» SUPPLIED DATA

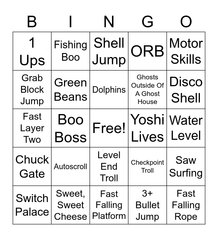 This bingo card has a free space and 33 words: Hidden Block, Secret Room, Boo Boss, Reznor, Chuck Gate, Green Beans, Motor Skills, Switch Palace, Fishing Boo, Spin Jump Line, Dolphins, Shell Jump, Double Shell Jump, Yoshi Dies, Yoshi Lives, Disco Shell, Sweet, Sweet Cheese, Fast Layer Two, Autoscroll, Checkpoint Troll, Level End Troll, Up Pipe, 1 Ups, Water Level, Fast Falling Platform, Fast Falling Rope, ORB, Ghosts Outside Of A Ghost House, Grab Block Jump, Saw Surfing, Non-Downward Thwomp, 3+ Bullet Jump and Fish Out Of Water.
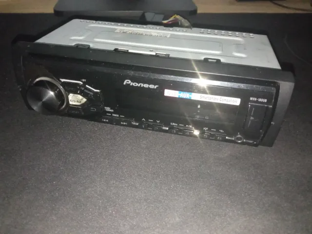 Detalles del productoRadio Pioneer para coche, modelo MVH-180UB, funciona perfectamente, únicamente tiene algun rasguño en el marco de plástico que se ocasionó a la hora de retirarlo, se vende por cambio a pantalla multimedia en mi vehículo actual.
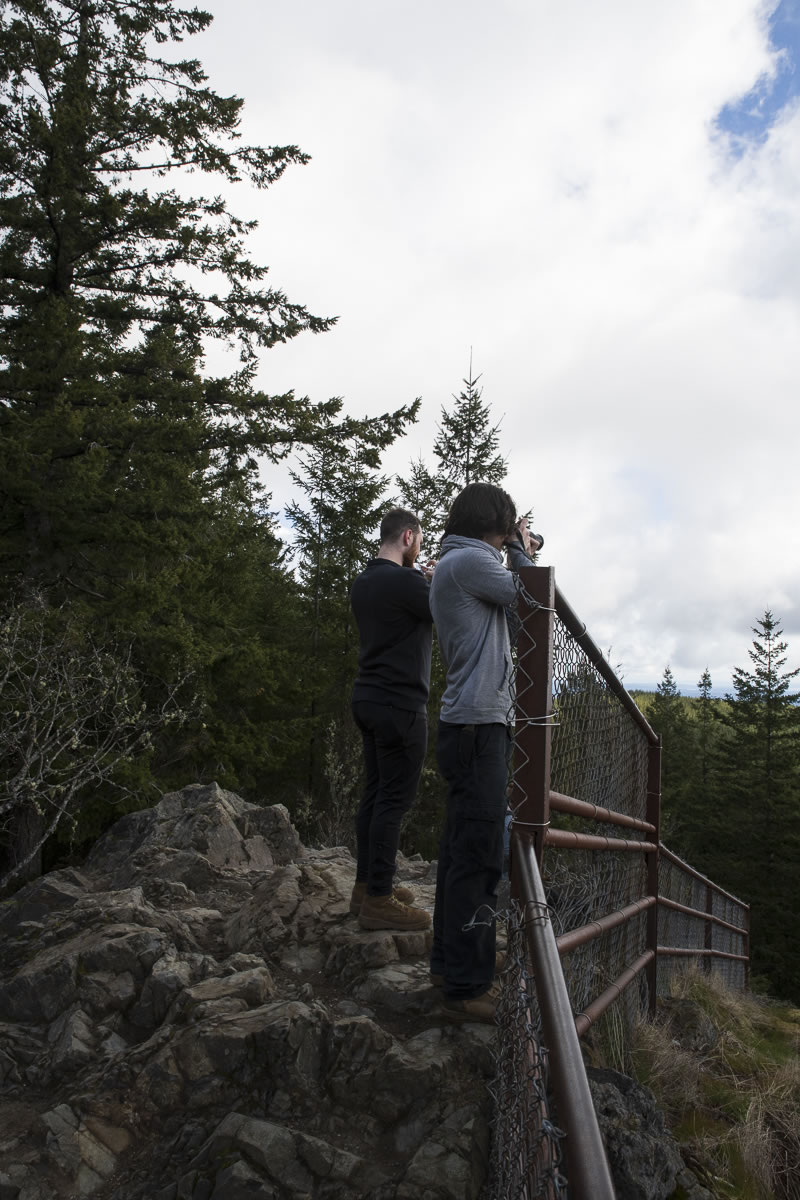 Along with a great view, you’ll find several picnic tables placed around the peak. On a clear day, you’d surely be able to view the Cascade range from Mt. Baker south to just north of Mt. Rainier. The rock peak is bordered with a chain-link fence on the east side for your protection. The rock face drops off sharply.
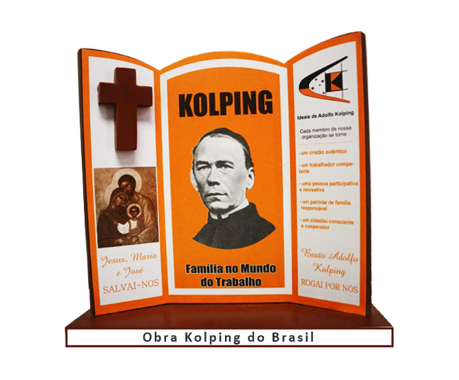 A Capela Kolping é feita de madeira com uma cruz em sua lateral esquerda, os ideais de Adolfo Kolping em sua direita e a foto de Adolfo Kolping ao centro.

» PROBLEM REQUIREMENTS
Write out the listing above exactly, images omitted.

» ANSWER BOX
 This bingo card has a free space and 33 words: Hidden Block, Secret Room, Boo Boss, Reznor, Chuck Gate, Green Beans, Motor Skills, Switch Palace, Fishing Boo, Spin Jump Line, Dolphins, Shell Jump, Double Shell Jump, Yoshi Dies, Yoshi Lives, Disco Shell, Sweet, Sweet Cheese, Fast Layer Two, Autoscroll, Checkpoint Troll, Level End Troll, Up Pipe, 1 Ups, Water Level, Fast Falling Platform, Fast Falling Rope, ORB, Ghosts Outside Of A Ghost House, Grab Block Jump, Saw Surfing, Non-Downward Thwomp, 3+ Bullet Jump and Fish Out Of Water.
 Detalles del productoRadio Pioneer para coche, modelo MVH-180UB, funciona perfectamente, únicamente tiene algun rasguño en el marco de plástico que se ocasionó a la hora de retirarlo, se vende por cambio a pantalla multimedia en mi vehículo actual.
 Along with a great view, you’ll find several picnic tables placed around the peak. On a clear day, you’d surely be able to view the Cascade range from Mt. Baker south to just north of Mt. Rainier. The rock peak is bordered with a chain-link fence on the east side for your protection. The rock face drops off sharply.
 A Capela Kolping é feita de madeira com uma cruz em sua lateral esquerda, os ideais de Adolfo Kolping em sua direita e a foto de Adolfo Kolping ao centro.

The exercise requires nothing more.